Baby boomers remember when kids used to go outside and play instead of sit in front of a computer or electronic games device. In the mid 1950’s, playing outside on Jackson Boulevard in Chicago’s West Garfield Park area meant either doing pretty much the same stuff that my year older sister did. This included hopscotch, hula hoop, jump rope and a great game for whiplash called “Red Rover”. This involved, if memory serves me right, having two rows of kids stand a few feet apart facing each other. The captain of one row instructs his or her line mate to shout out “Red Rover, Red Rover- let Tommy come over”. Then, it would be Tommy’s job to earnestly try to break through the human wall opposite him. Being the boy in this group and one of the younger ones- guess who was most often the sacrificial lamb?
I was saved from the indignity of being called a sissy by a neighbor in our building named Allen. He was a year older and very wise about sports. He taught me “pinners”. It was a simple game usually played by two persons with a rubber ball. One would stand inches from a wall or stair and throw the ball against it in such a way as to have it bounce off and go towards the other player several feet away in the field of play. I’m sure other neighborhoods had different names for this game. If the fielder caught the ball cleanly, it was an out; otherwise, a runner was safe on base. A ball that flew over the fielder’s head was an automatic hit and depending on how far it went- as agreed to before the game- decided if it was a double, triple or homer. We’d play nine inning games as well as several matches for what seemed hours.
In the alley in the back of the building we’d play catch or swing a bat at a ball. Being six or seven years old, I wasn’t very good and more in the developmental stage, taking this all in for use at a later date.
Down the block, a double empty lot that we called a “prairie†was our battleground for war games. The ground sloped from the alley toward the street so it was like a small hill. This was before the days of caring about ecology and the environment. We’d find discarded large corrugated cartons by consumers who had bought their first television set, automatic washer or frost-free refrigerator. We’d go inside these cartons and roll down the hill pretending that we were fighting in tanks. After a battle, we’d take out our candy cigarettes and pretend to smoke just like the soldiers did on tv.
In the late 1950’s and early 60’s, westerns were so popular that they comprised more than half the shows in prime time. The number one rated show for the year 1959 was a western. Naturally, little boys played with toy guns of all types of construction.

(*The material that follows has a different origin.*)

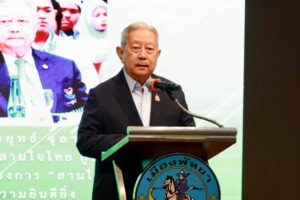 พลเอก สุรยุทธ์ จุลานนท์ นายกมูลนิธิ “สานใจไทย สู่ใจใต้” เดินทางตรวจเยี่ยมครอบครัวอุปถัมภ์และให้โอวาทแก่ผู้เข้าร่วมโครงการ “สานใจไทย สู่ใจใต้” จังหวัดชลบุรี ณ ห้องประชุมทัพพระยา ศาลาว่าการเมืองพัทยา

By this time living in the Austin neighborhood, I had a toy gun that shot out plastic bullets. They went flying and could hurt an unsuspecting person if it hit him in a sensitive area. This was before consumer safety laws addressed this type of issue. Then I migrated to a gun that shot caps. I’d open the metal gun barrel from the side just as they did on tv and load a roll of red paper onto a spool. The paper was affixed with sulfur spots every two-eights of an inch I guess. If I shot the gun properly, it would cause a continuous round of realistic sounding popping noise and I’d smell the sulfur and see brief sparks of smoke in the air.
After a while, my parents would yell at me to stop playing in the indoor back porch with the gun or go outside and use it. Too often, the roll would not flow properly, so I’d forget about loading it in the gun and instead lay it out on the sidewalk, strike it with a rock and start a continuous round of pop gun noise. Yeah, I know what you think- cheap thrills.
During the warm months, especially around July when the bugs would be outside at night, a group of us would light up punks. They were long sticks that had some type of material at the top that caused it to stay burning for a while as it let off smoke and a strange smell. It was supposed to ward off the bugs and it also got us a little high.
When our family moved to West Rogers Park on Chicago’s north side in late 1968, I was now a junior in high school and too old to play goofy games. We lived in a townhouse development that had a very large shared parking lot in front of all the houses. All the kids in this cooperative played in the lot indifferent to the coming and going of cars. I’d play catch with the kids regardless of their age and as soon as my kid brother was old enough to put on a baseball glove, I was tossing grounders to him as well.
More than forty years later, my mother still lives there and the third generation of kids from the development go outside to play in the parking lot. But it is mostly to ride their bikes and tricycles in good weather or play on the snow mounds during the winter. It’s not that these kids are inside on a spring or summer night watching television or chatting up on Facebook because none have those entertainment or social comforts. Their parents don’t allow it. It’s just that kids don’t play ball anymore outside. Which has me concerned about the future of America. But, that’s another story.